No pain. The world is a wonderful whisper for those who can listen, if necessary in silence.

20081204

wendy


Dear Wendy – di Thomas Vinterberg 2005

Giudizio sintetico: si può vedere

Dick vive a Estherslope, anonima cittadina degli Stati Uniti, col padre minatore e la tata di colore Clarabella. E’ un ragazzo intelligente, ma timido e riservato, con pochi amici. Si ritiene un perdente. Si professa pacifista convinto.
Un giorno, per caso, si ritrova possessore di una pistola che lui ritiene essere giocattolo. Dopo la morte del padre, e l’abbandono della casa da parte della tata, rimane solo nell’appartamento che dà sulla piazza chiamata Electric Park. Porta sempre con se la pistola, gli dà sicurezza. Lavora all’emporio sotto casa, insieme ad un altro perdente, Stevie. Quest’ultimo, quando scopre la pistola di Dick, si rivela un grande esperto d’armi, e gli rivela che non è affatto un giocattolo.
Nasce un’amicizia forte, insieme alla presa di coscienza che le armi danno loro sicurezza. Decidono di fondare un club, i Dandies, nel quale coinvolgono altri tre “losers”, Susan, figlia della proprietaria di un negozio di cianfrusaglie (sempre ubicato sulla Electric Park), Huey, privo di gambe, ma appena dotato di protesi, e il suo amico Freddie, vessato e picchiato in continuazione a scuola. Ognuno si procurerà una pistola (pistole, nel caso di Susan), le darà un nome (quella di Dick si chiamerà Wendy, e il pretesto narrativo, che dà il titolo al film, è una lettera che Dick scrive alla sua pistola, lettera che si snoderà nel percorso del film, e verrà narrata da una voce fuori campo); il club si dà delle regole ferree, e sarà un club di pacifisti con la pistola, che sparano solo al chiuso. Almeno finchè l’equilibrio non viene rotto da Sebastian, il nipote di Clarabella, affidato a Dick dallo sceriffo Krugsby per redimerlo (il ragazzo ha ucciso una persona) e tenerlo a bada, come in una specie di libertà vigilata.

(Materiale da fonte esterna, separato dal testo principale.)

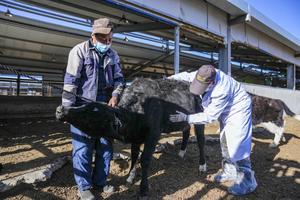 (251204) -- LHASA, 4 diciembre, 2025 (Xinhua) -- Imagen del 3 de diciembre de 2025 de dos trabajadores examinando una ternera Zhangmu clonada, en la estación experimental Qushui del centro de prevención y control de enfermedades animales a nivel regional, en Lhasa, en la región autónoma de Xizang, en el suroeste de China. La cría hembra clonada de Zhangmu nació en mayo. Ha sobrevivido casi siete meses con buena salud. Gracias a la tecnología de clonación y a múltiples medidas de conservación, la población de ganado Zhangmu ha aumentado a 37. (Xinhua/Tenzin Nyida) (da) (ra) (ce)

Vinterberg, che ricordiamo con estremo piacere per averci regalato quella perla di cinema cattivo nei sentimenti che fu “Festen”, co-fondatore del “Dogma 95” insieme a Lars Von Trier, dopo essersi cimentato con un cast hollywoodiano in “Le forze del destino” cambia ancora direzione, e spiazza ancora una volta. Intendiamoci, il film è grottesco fino al non-sense, e qualcuno potrebbe chiedersi, guardandolo, che diavolo sta a significare. Ma, oltre che ben fatto, il film ha un tocco affascinante e pone interessanti quesiti sul comportamento umano in presenza di armi, tema molto attuale oggigiorno in tutto il mondo (non ultimo il referendum brasiliano sul possesso personale). Ovviamente, lo fa in modo canzonatorio, com’è usuale nei registi che sono passati dal Dogma (e che lo hanno abbandonato poco dopo, a cominciare da Von Trier). Il protagonista è Jamie Bell, l’indimenticabile Billy Elliot, cresciuto ma sempre bravo, come il resto del cast. Fotografia e scenografia impeccabile.
Per chi ama la sperimentazione, e il western rivisitato.